Было очень интересно увидеть воочию многих танцовщиков, имена которых я уже знал по печати и фотографиям. В Кировском театре у нас хорошая библиотека, которая получает иностранные журналы со всего мира. Я узнавая многие лица.

Казалось, что Марго самой доставляло удовольствие водить меня повсюду под видом молодого студента с придуманным именем. Она даже инкогнито ввела меня в один из классов королевского балета.

Моя "маскировка" была столь хороша, что один из танцовщиков и это вполне естественно, начал возмущаться, когда я по наивности начал переодеваться в его уборной.
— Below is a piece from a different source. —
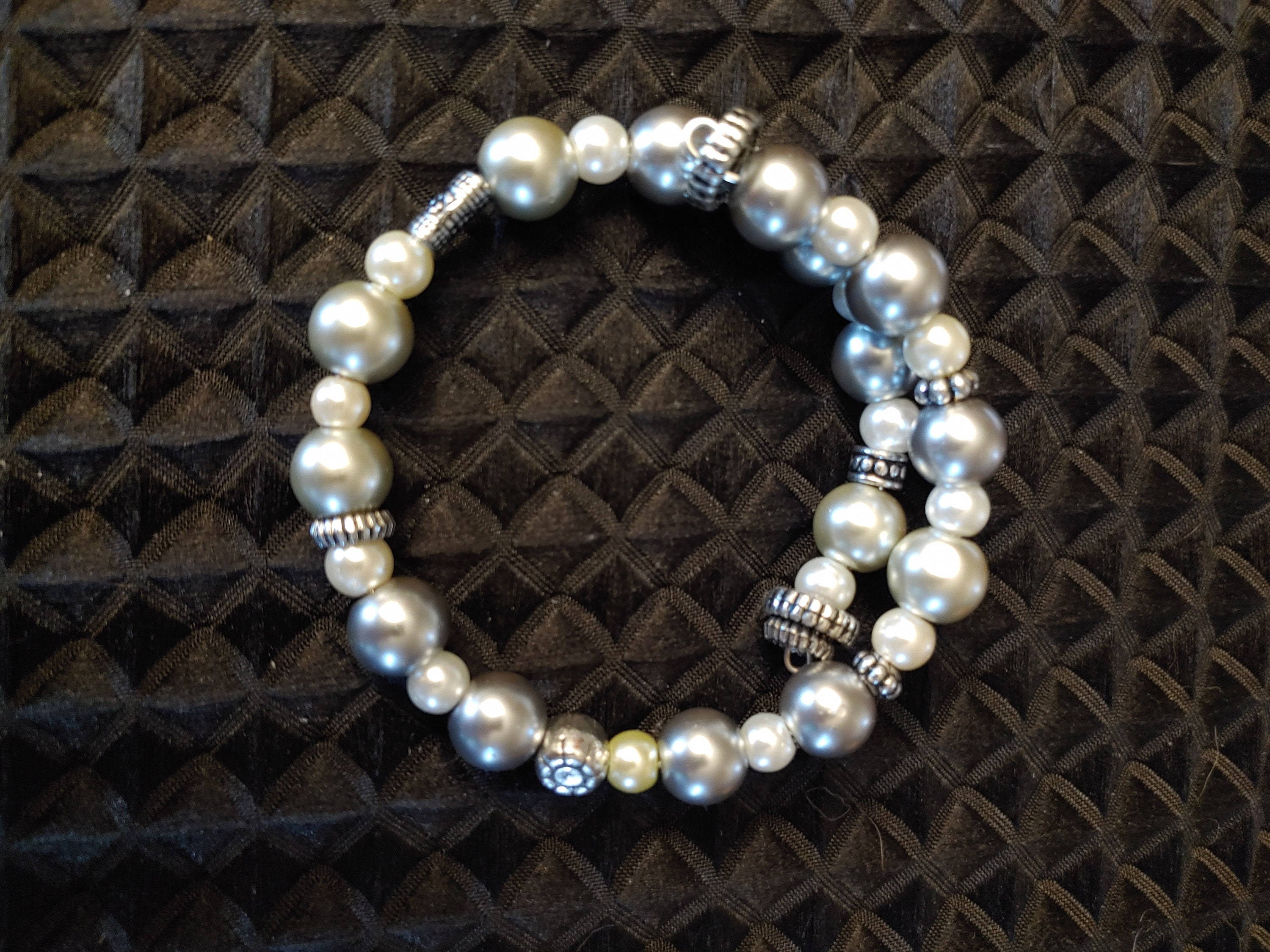 MEMORY WIRE BRACELET WITH WHITE PEARL BEADS. BRACELET COILS AROUND YOUR WRIST. DEPENDING ON THE SIZE OF YOUR WRIST, YOU WILL HAVE ONE OR TWO STRANDS.

В это же время я встретился также с энергичным директором Королевского балета Нинет де Валуа. Мы обнаружили с ней, что, по странной случайности, ее первый визит в Кировский театр совпал с моим первым выступлением. Ее компетентные, решительные манеры, подвижность, вероятно, перешедшая к ней от ее ирландских предков, - все это создает впечатление замечательной личности. Я слышал, что есть что-то общее между ирландским и русским характерами.

Через пять дней я вернулся в Париж. К этому времени обо всем было договорено, и я так и не был опознан прессой. Я должен был на концерте исполнить па де де с Розеллой, и английский хореограф Фредерик Аштон хотел поставить для меня сольный номер. Но гораздо более важным было то, что в лице Марго Фонтейн я нашел надежного друга.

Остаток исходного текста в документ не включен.